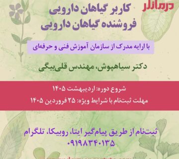 دوره «فروشنده گیاهان دارویی» برگزار میشود/ شرایط ویژه ثبتنام تا 25 فروردین 1405Modir1404-12-03به گزارش درمانگر، دوره فروشنده گیاهان دارویی به زودی با همکاری آموزشگاه درمانگر برگزار میشود. فروشنده گیاهان دارویی شغل و ... ادامه مطلب
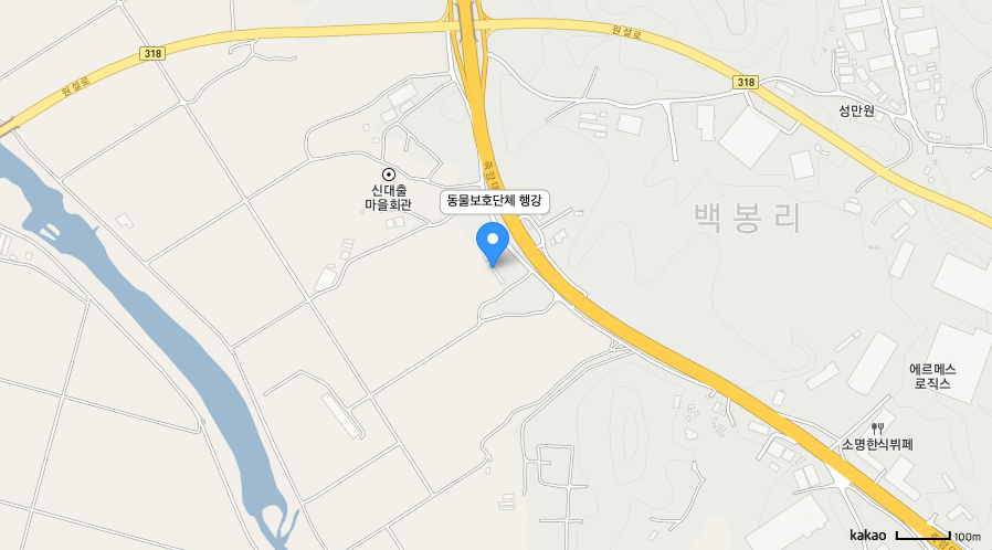 오시는 길 행강은 여러분들의 작은 관심과 사랑으로 운영되고 있습니다. 행강 동물 보호소를 방문하고 싶으신 분들은 아래의 연락처를 통해 연락을 주시고 방문해 주세요. 로드뷰길찾기지도 크게 보기 도로명주소:경기도 용인시 처인구 백암면 죽양대로 891-16 구번지주소:경기도 용인시 처인구 백암면 백봉리 1623번지 행강유기견보호소.행강 유기동물 입양센터. T.031-333-0729. F.031-333-0881
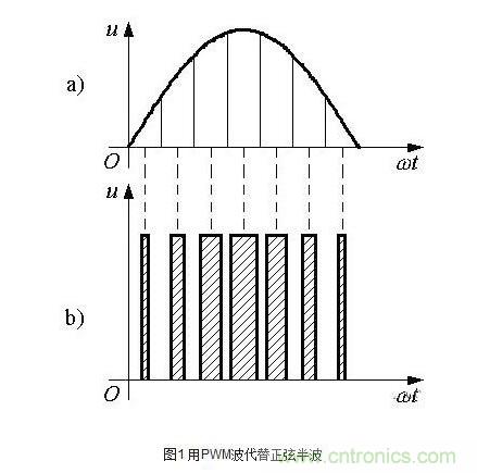 如圖1 所示,用一系列等幅不等寬的脈沖來代替一個正弦半波,正弦半波N 等分,看成N 個相連的脈沖序列,寬度相等,但幅值不等;用矩形脈沖代替,等幅,不等寬,中點重合,面積(沖量)相等,寬度按正弦規律變化。
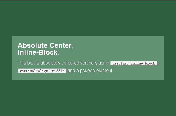 迫切需要的方法:inline-block法居中。基本方法是使用 display: inline-block, vertical-align: middle样式和伪元素让内容块在容器中居中。我的实现用到了几个在其他地方见不到的新技巧解决了一些问题。
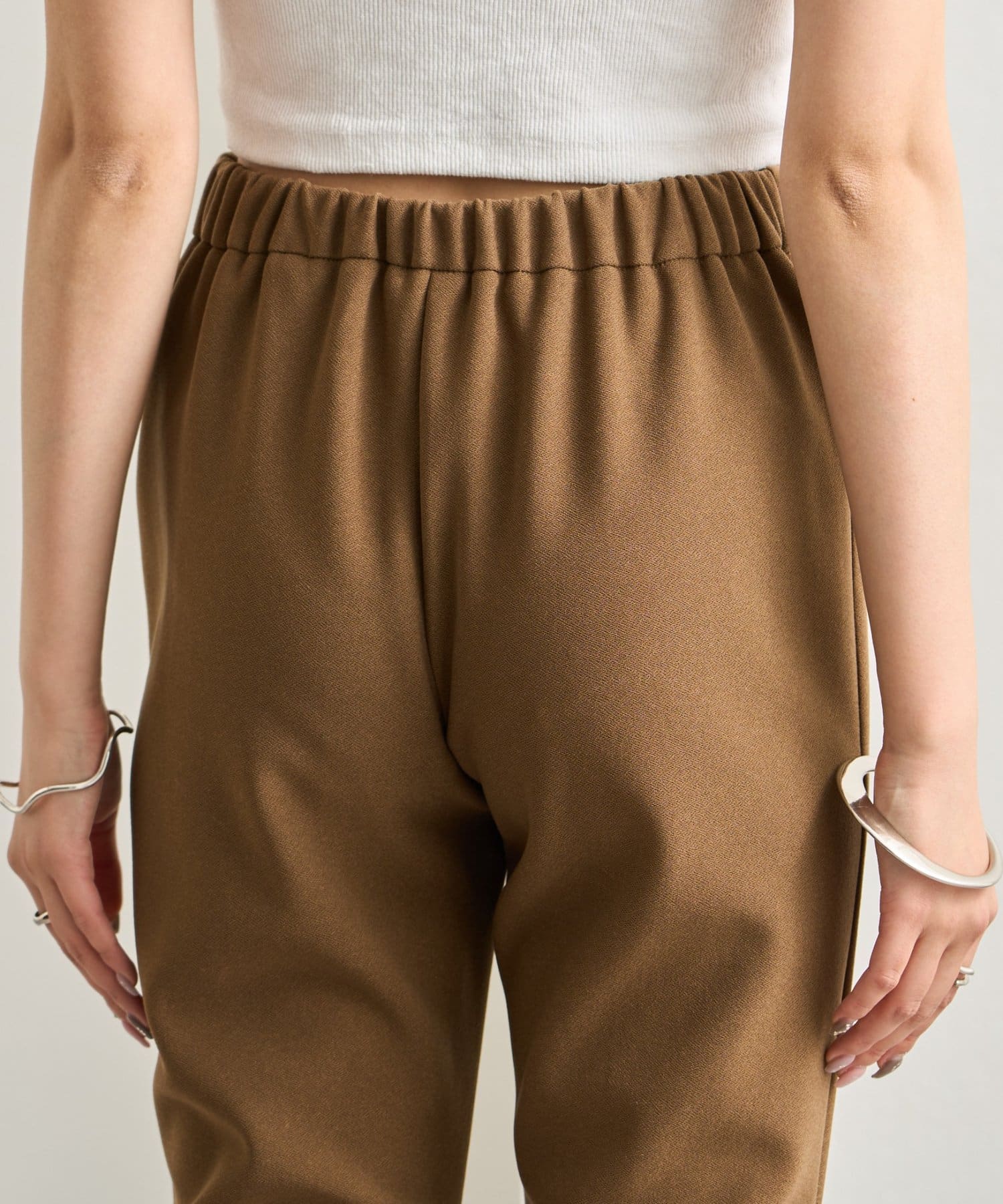 ・ウエスト後ろがゴム仕様なので、履き心地も抜群。シンプルでありながらも存在感を放つ1枚です。

□ □ □ □ □ □ □

[Problem requirements]: Copy the records above exactly, from the first line through the line containing "如圖1 所示,用一系列等幅不等寬的脈沖來代替一個正弦半波,正弦半波N 等分,看成N", and leave out the pictures.

[Solution for this task]:
 دوره «فروشنده گیاهان دارویی» برگزار میشود/ شرایط ویژه ثبتنام تا 25 فروردین 1405Modir1404-12-03به گزارش درمانگر، دوره فروشنده گیاهان دارویی به زودی با همکاری آموزشگاه درمانگر برگزار میشود. فروشنده گیاهان دارویی شغل و ... ادامه مطلب
 오시는 길 행강은 여러분들의 작은 관심과 사랑으로 운영되고 있습니다. 행강 동물 보호소를 방문하고 싶으신 분들은 아래의 연락처를 통해 연락을 주시고 방문해 주세요. 로드뷰길찾기지도 크게 보기 도로명주소:경기도 용인시 처인구 백암면 죽양대로 891-16 구번지주소:경기도 용인시 처인구 백암면 백봉리 1623번지 행강유기견보호소.행강 유기동물 입양센터. T.031-333-0729. F.031-333-0881
 如圖1 所示,用一系列等幅不等寬的脈沖來代替一個正弦半波,正弦半波N 等分,看成N 個相連的脈沖序列,寬度相等,但幅值不等;用矩形脈沖代替,等幅,不等寬,中點重合,面積(沖量)相等,寬度按正弦規律變化。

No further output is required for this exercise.